→ **TASK GOAL**: Restate word for word the entries below, starting with the line with "In April 2005, the" and continuing through the line with "NWS는 이번 비로 인해". Include both of those lines and no others.

→ **AVAILABLE DATA**:

▬▬▬▬▬▬▬▬▬▬

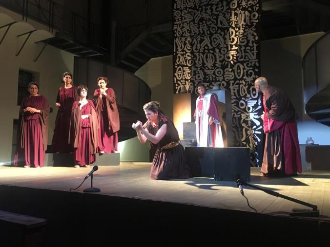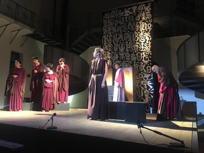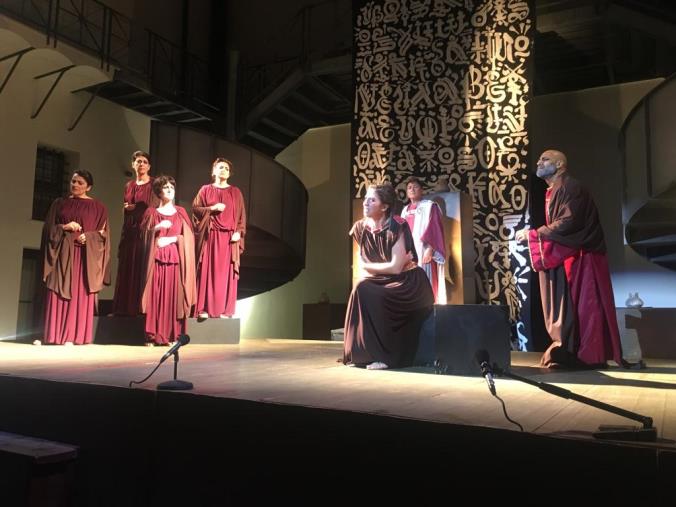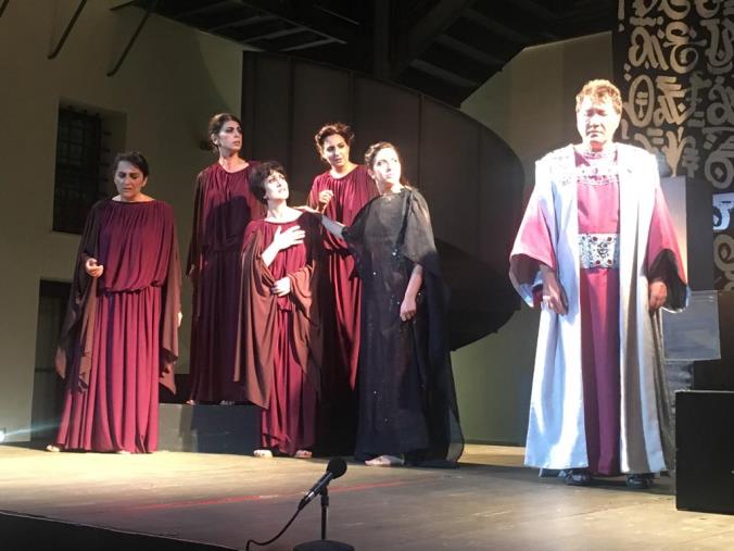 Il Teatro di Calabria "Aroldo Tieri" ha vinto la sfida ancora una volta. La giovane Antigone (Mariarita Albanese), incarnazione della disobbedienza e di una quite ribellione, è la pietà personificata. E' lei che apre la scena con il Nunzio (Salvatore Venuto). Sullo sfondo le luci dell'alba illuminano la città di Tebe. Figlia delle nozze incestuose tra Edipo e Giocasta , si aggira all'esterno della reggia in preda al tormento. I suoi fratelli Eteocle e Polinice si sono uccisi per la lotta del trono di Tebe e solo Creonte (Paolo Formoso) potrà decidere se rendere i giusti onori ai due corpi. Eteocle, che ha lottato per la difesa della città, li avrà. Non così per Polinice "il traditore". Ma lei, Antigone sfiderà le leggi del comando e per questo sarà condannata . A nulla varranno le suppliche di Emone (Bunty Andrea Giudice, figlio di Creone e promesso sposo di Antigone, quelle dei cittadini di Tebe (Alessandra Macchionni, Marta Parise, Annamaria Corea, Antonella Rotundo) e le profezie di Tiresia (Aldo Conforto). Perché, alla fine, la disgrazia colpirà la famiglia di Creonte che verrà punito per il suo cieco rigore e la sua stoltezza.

▬▬▬▬▬▬▬▬▬▬

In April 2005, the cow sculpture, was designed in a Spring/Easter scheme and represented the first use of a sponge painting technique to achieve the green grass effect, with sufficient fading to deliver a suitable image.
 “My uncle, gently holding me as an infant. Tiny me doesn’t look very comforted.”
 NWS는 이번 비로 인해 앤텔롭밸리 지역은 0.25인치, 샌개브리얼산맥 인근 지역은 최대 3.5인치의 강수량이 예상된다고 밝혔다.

▬▬▬▬▬▬▬▬▬▬

→ **RESPONSE FOR THIS EXERCISE**:
In April 2005, the cow sculpture, was designed in a Spring/Easter scheme and represented the first use of a sponge painting technique to achieve the green grass effect, with sufficient fading to deliver a suitable image.
 “My uncle, gently holding me as an infant. Tiny me doesn’t look very comforted.”
 NWS는 이번 비로 인해 앤텔롭밸리 지역은 0.25인치, 샌개브리얼산맥 인근 지역은 최대 3.5인치의 강수량이 예상된다고 밝혔다.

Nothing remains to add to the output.